PwPs and carers’ limited experience and knowledge of liquid medicines extends to their uncertainties regarding the properties of a liquid medicine. Notably, uncertaincies regarding how liquids are absorbed, digested and whether or not they could be safely diluted led to speculative discussions that liquids might wear off quicker, need to be taken more frequently and may potentially be less effective. PwPs and carers also expressed concerns about the taste and possible side effects of liquids.
“if it works quicker is there a downside you know later on after you’ve taken the liquid or does that mean you have to take the liquid if it’s faster acting more often smaller amounts more often” (Person with Parkinson’s 3, focus group 1)

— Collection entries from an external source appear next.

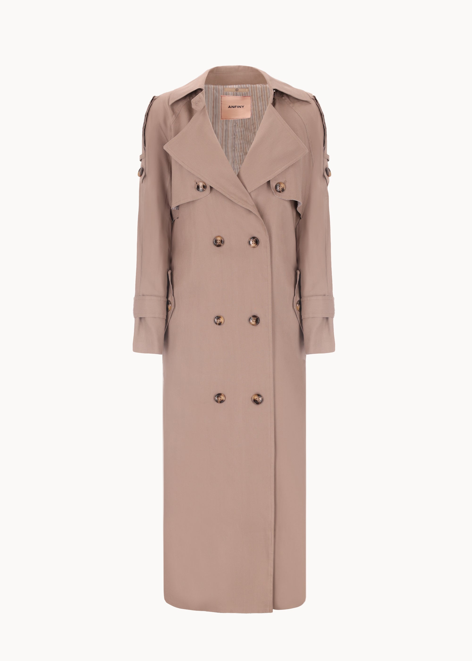 Double-breasted trench coat in linen with a straight, oversized silhouette and a length of 124 cm. Features a 6-button closure in 4-hole resin. Semi-lined with contrast striped lining for a refined finish. Designed with flap pockets, a back vent, and a rear belt that allows for two different front fastening options.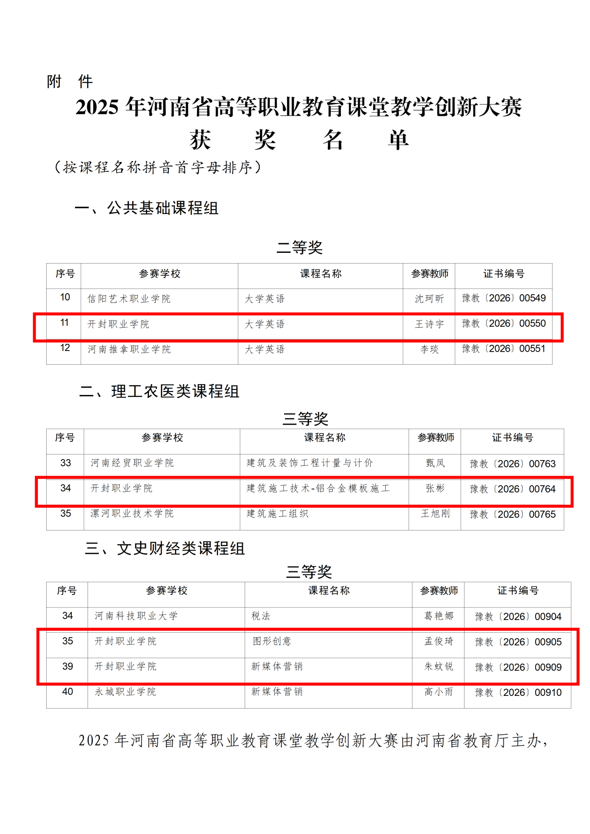 近日,河南省教育厅下发《关于公布2025年河南省高等职业教育课堂教学创新大赛获奖名单的通知》,经校级遴选、省级网评及现场比赛多轮筛选,我校通识教育学院教师王诗宇荣获公共基础课程组二等奖;智能制造学院教师张彬荣获理工农医类课程组三等奖;数字经济学院教师朱蚊锐、文化旅游学院教师孟俊琦荣获文史财经类课程组三等奖。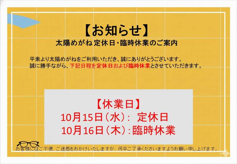 平素より太陽めがねをご利用いただき、誠にありがとうございます。 誠に勝手ながら、下記日程を定休日および臨時休業とさせていただきます。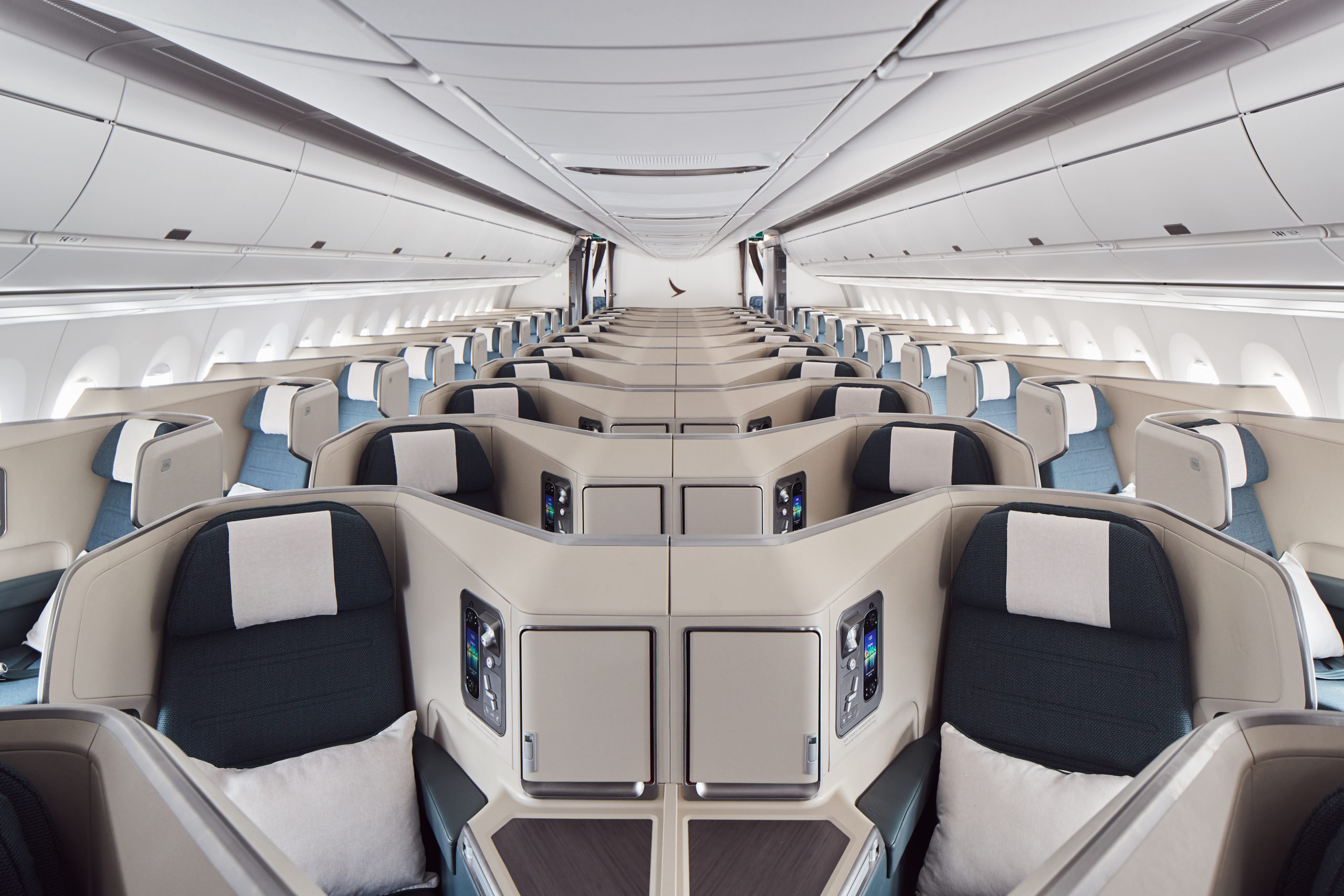 Cathay Pacific hat an Bord ihrer Airbus A350 ein modernes 1-2-1 Lie-Flat Business Class Produkt verbaut. Leider handelt es sich hierbei nicht um die neuen Aria Suites, dennoch können sich Gäste auf ein höchst komfortables Flugerlebnis freuen.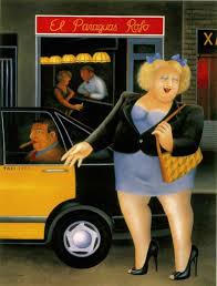 | I imagine Mrs Scott a bit like this Beryl Cook woman, but in 1940s clothes, with red hair. A rather sad figure really, but still liking a good time |
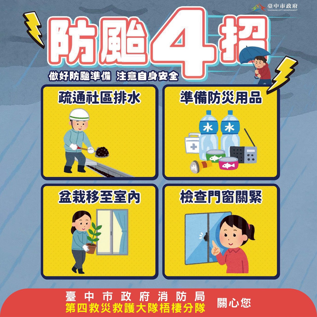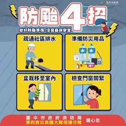 下列為內政部消防署防災專區─防颱宣導網頁及臺中市政府消防局第四大隊梧棲分隊提供防颱宣導圖片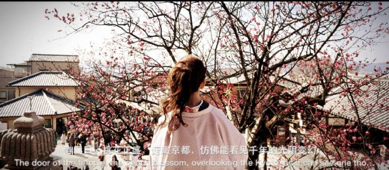 寺门口,桃花正盛,俯瞰京都,仿佛看见千年的光阴变幻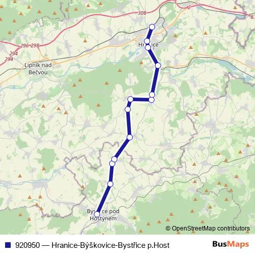 Click here to view the nearest 920950 - Hranice-Býškovice-Bystřice p.Host bus stop.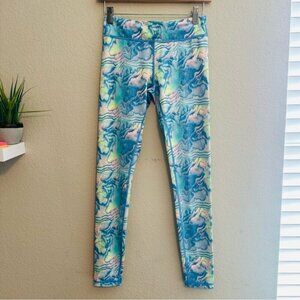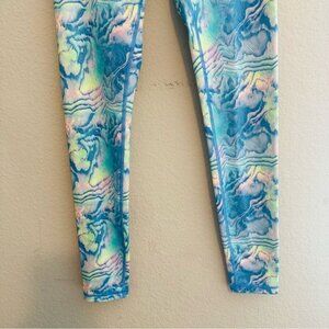 Vibrant leggings with an abstract pattern. Features shades of blue, green, and pink.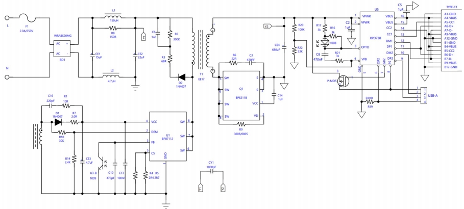 在當今快速發展的電子設備市場中,電源適配器的性能和效率對于設備的穩定運行至關重要。隨著USB-C接口和USB-PD協議的廣泛應用,市場對高性能、高效率的電源適配器的需求日益增加。本文將詳細介紹基于BP87112和BP6211B芯片的20W A+C電源適配器參考設計,該設計支持12V/1.67A、9V/2.22A和5V/3A的輸出規格,旨在為用戶提供一個高效、可靠的電源解決方案。
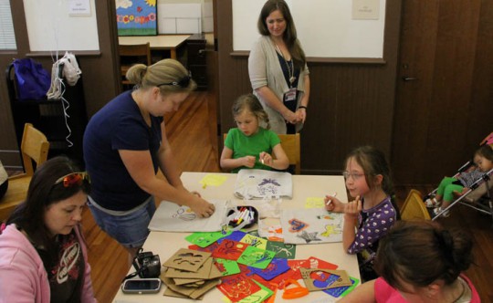 Pictured top: Library Administrator Darlene Howell presents a certificate of appreciation to Lil King and the Molino Mid County Historical Society for the groups efforts at the Molino Branch Library. Pictured inset: The Dogwood Dulcimers provided entertainment for the event. Pictured below: Children make library books bags during a craft activity. NorthEscambia.com photos, click to enlarge.
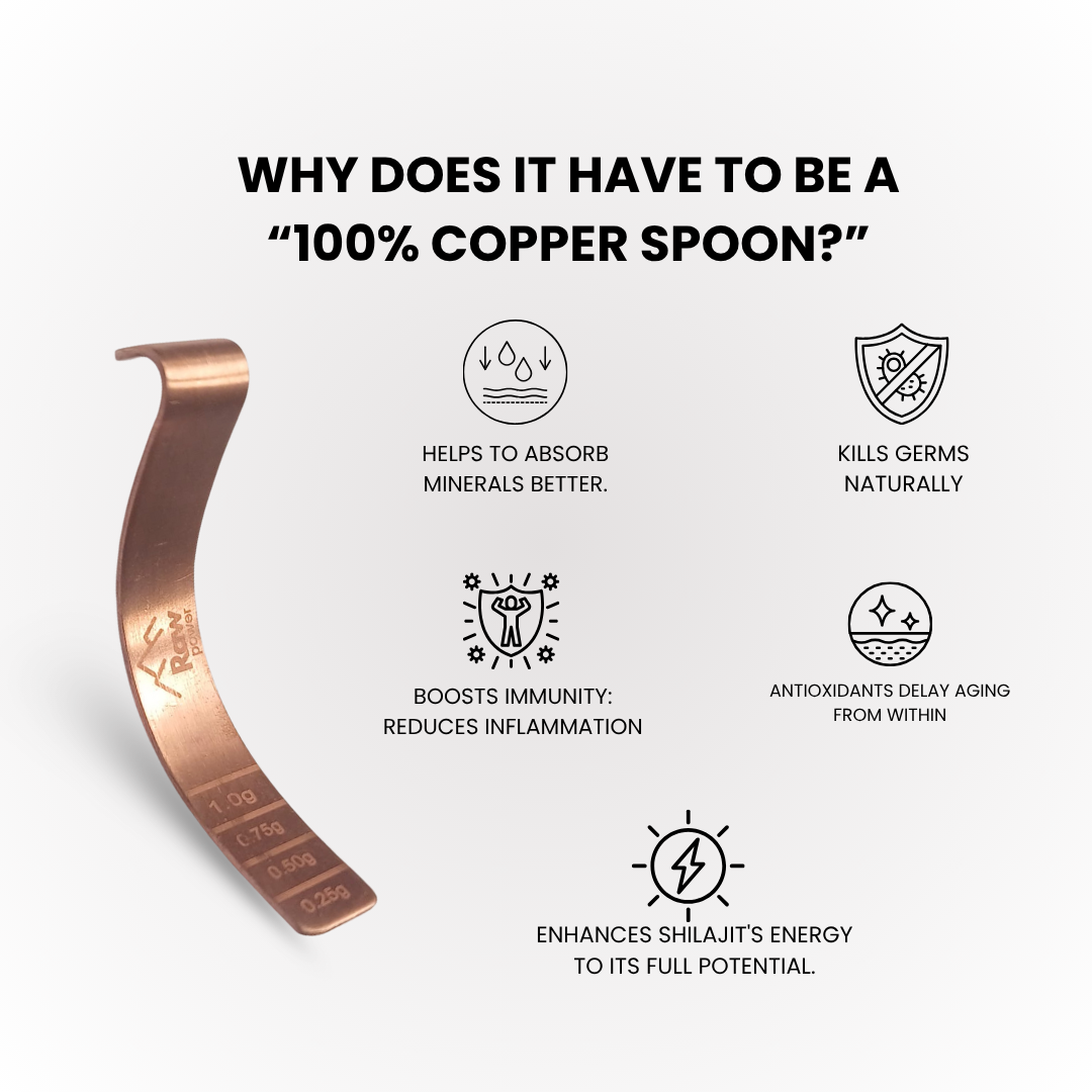 A real copper spoon to measure your daily Shilajit dose with precision and keep the resin pure.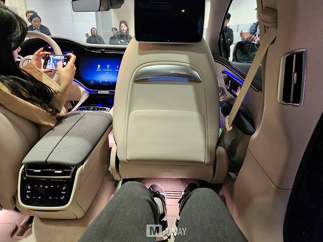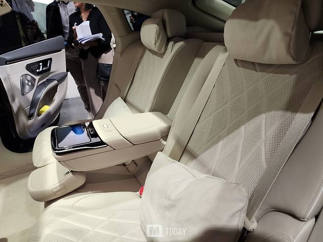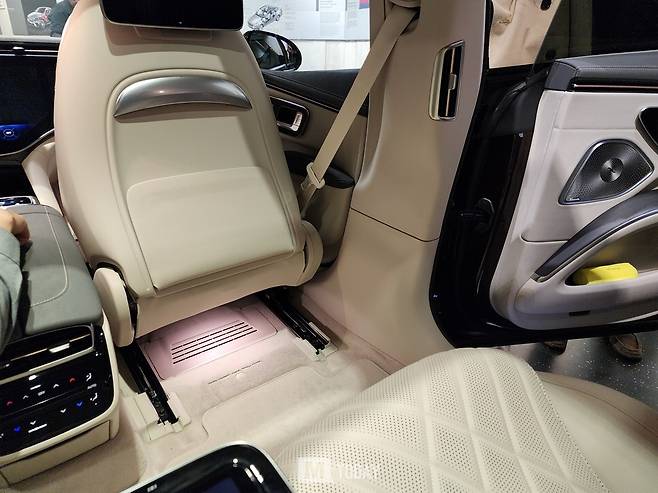 벤츠는 EQS의 뒷좌석 안락함을 여러 단계에 걸쳐 개선했다. 조수석을 앞으로 접고 뒷좌석 등받이를 최대 38도까지 조절할 수 있다. 기본으로 제공되는 뒷좌석 패키지는 버튼 하나로 등받이 각도를 27도에서 36도까지 조절할 수 있다. 5mm 두꺼워진 시트 폼과 측면에서 분리 가능한 커버로 편안한 착좌감을 제공한다.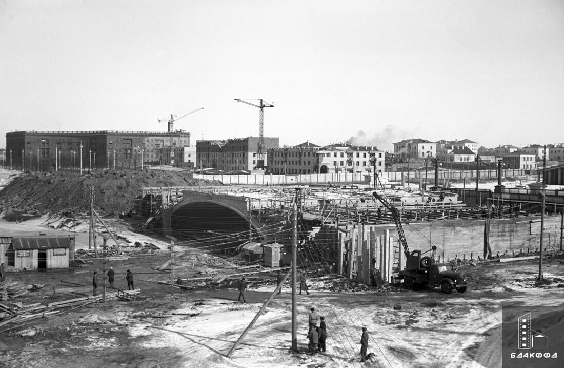 Отдельно стоит рассмотреть и тему жилищного строительства после войны. Ведь даже застройка главного проспекта - это в основном жилые дома. Вот, например, стройка дома напротив "Лакомки". Как видим, за будущим ГУМом еще пусто.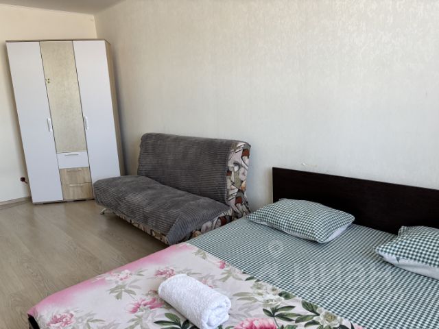 + Удобная большая двуспальная кровать с идеально-выглаженным постельным бельём из качественного материала. Также большой раскладной удобный диван. Спальных мест 4(2+2);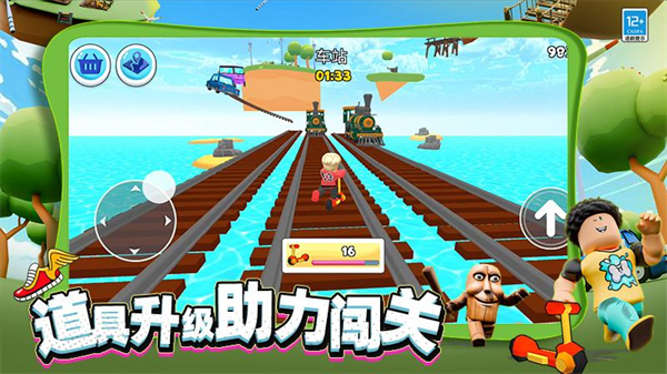 3、沿途收集金币与能量碎片,积攒起来可以用于解锁新角色、购置外观或是提升基础能力,比如跳得更高、跑得更快。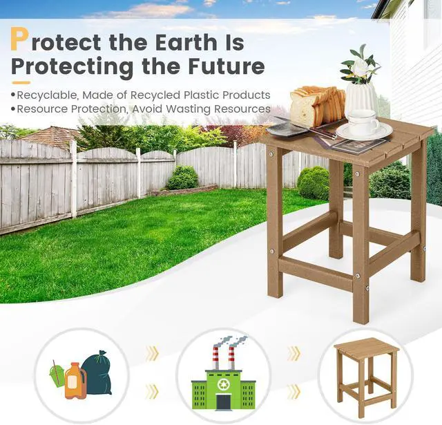 Born for Outdoors: Vary from wood material that is easy to crack and deform and metal material that is easy to rust, this patio side table is made of selected HDPE material, which takes advantage of being weather-resistant, fade-resistant, sun-protective and waterproof, perfectly standing to the outdoor elements.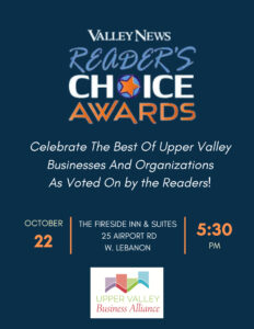 Wednesday, October 22 from 5:30-8pm. Appetizers and Dinner included. Purchase tickets and register here. Hosted by the Upper Valley Business Alliance & the Valley News!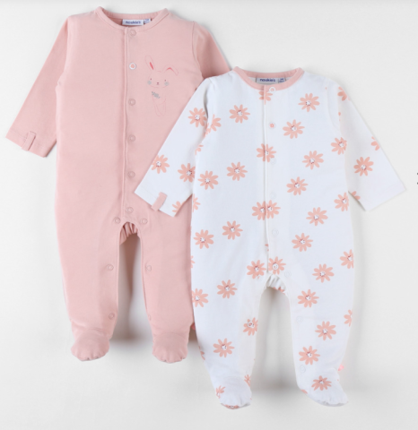 Set de 2 pyjamas 1 pièce, écru/blush | Noukie's (taille 3 mois)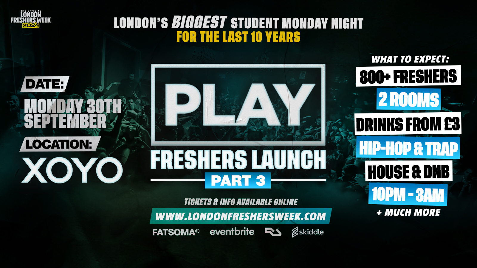 This is it – the grand finale of the Freshers Launch at XOYO! After two incredible nights, we’re ending the month with a bang. For Part 3, get ready for an unforgettable Monday night at London’s BIGGEST student club night.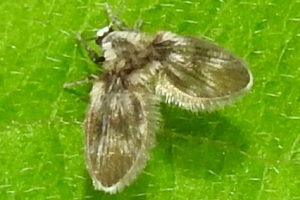 5: Schmetterlingsmücke (Psychodidae): Schweiz, Kanton Bern, Kehrsatz, Hausfassade, 700 m (Freilandaufnahme: Konrad Ingold)Forum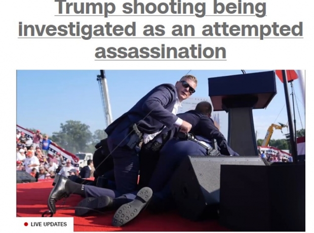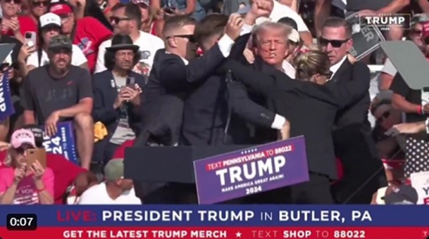 미국 공화당 대통령 후보 도널드 J. 트럼프 전 대통령이 펜실베이니아 버틀러에서 가진 유세장에서 연설 도중 한 남성의 총격으로 오른쪽 귀 위쪽을 관통, 피를 흘렸다고 CNN, BBC 등 이 일제히 보도했다.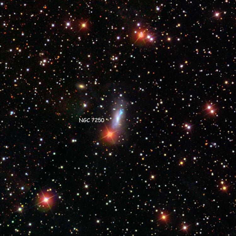 NGC 7250 - спиральная галактика с блеском 12,4m и видимыми размерами 1,7' × 0,8'. Даже в крупные телескопы выглядит невзрачно, но представляет определенный интерес для наблюдений, так как находится очень близко от звезды примерно 11m.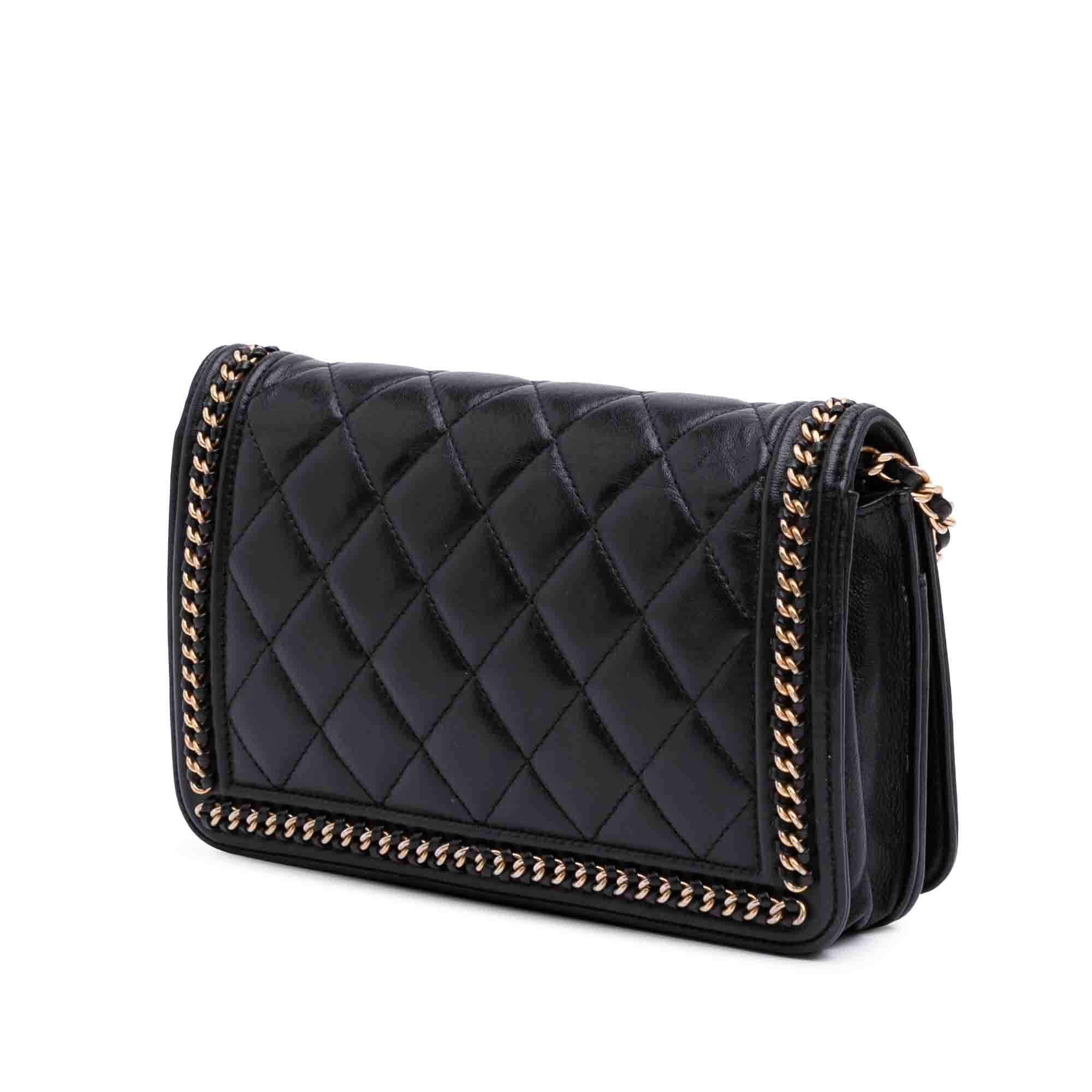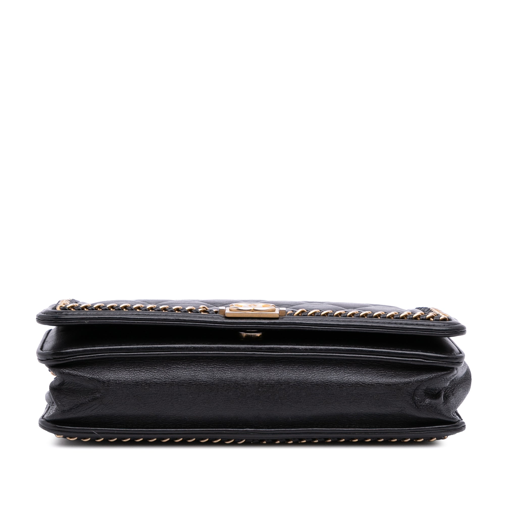 Black Chanel Quilted Calfskin Chain Around Boy Wallet on Chain Crossbody Bag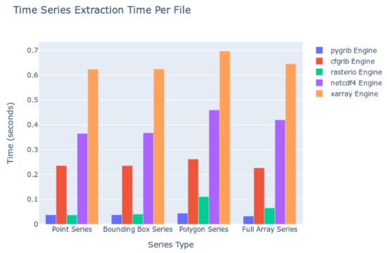We interpreted these data by comparing the file reading engine with the file formats supported (Table 2). These data indicate that for our test, the Pygrib engine, which supports reading only GRIB data, is the fastest, with an averaged time of less than 0.1 second per file in the series. The Rasterio engine, which reads GeoTIFF data, follows closely behind. The Cfgrib engine is next with average read times between 0.2 and 0.3 s. NetCDF and HDF data, as read by the NetCDF4 engine, come next with times ranging between 0.35 and 0.5 s, respectively. The slowest engine is the Xarray engine with read times of 0.6 s.

However, the speculative properties of liquids were also enablers. A consistent example proposed was that liquids might have a faster onset of action, therefore better treating the ‘off’ periods of Parkinson’s.
“A liquid […] gets to the target quicker and therefore it’s less of an off time so that you take the meds and you can see the effect quicker” (Carer 2, focus group 3)
Phase 2: Questionnaire
A 23 item questionnaire was developed: 16 items were barriers; four were enablers; and three could be either a barrier or an enabler.
One hundred and forty-two questionnaire responses were received (n= 131 PwPs and 11 carers). Carer data are provided in Appendix 3 but excluded from the results and analysis as the number of responses did not reach sufficient sample size to achieve our maximum confidence interval threshold (see methods).
The median (IQ) respondent age range was 65-74 years (55-64, 65-74), of whom 72 (55%) were men and 128 (97.7%) administered their own medicine. Only six (4.6%) reported prior experience of switching.
Table 1 provides PwPs responses to questionnaire items organised into the relevant Theoretical Domains Framework (TDF) domains. Eleven items (five barriers and three enablers) spanning six TDF domains fulfilled the criterion for prioritisation. Of the five enablers, three had almost unanimous agreement: the flexibility offered by liquid medicines to allow for incremental dosage changes (72% ± 8), decline in Parkinson’s control (72% ± 8) and prescriber’s endorsement of a switch (70% ± 8Of the four barriers, only the perception that tablets/capsules would be easier to correctly dose than measuring liquids (72% ± 8) and prescriber’s opposition to a switch (70% ± 8) attracted similarly high agreement.
The five enablers were mapped to four TDF domains. Three barriers were mapped to the Environmental Context and Resources TDF domain and one to Social Influence. Figures 1 and 2 provide the barriers and enablers to switching from solid to liquid formulations of Parkinson’s medication, the corresponding TDF domains and the linked Behaviour Change Techniques.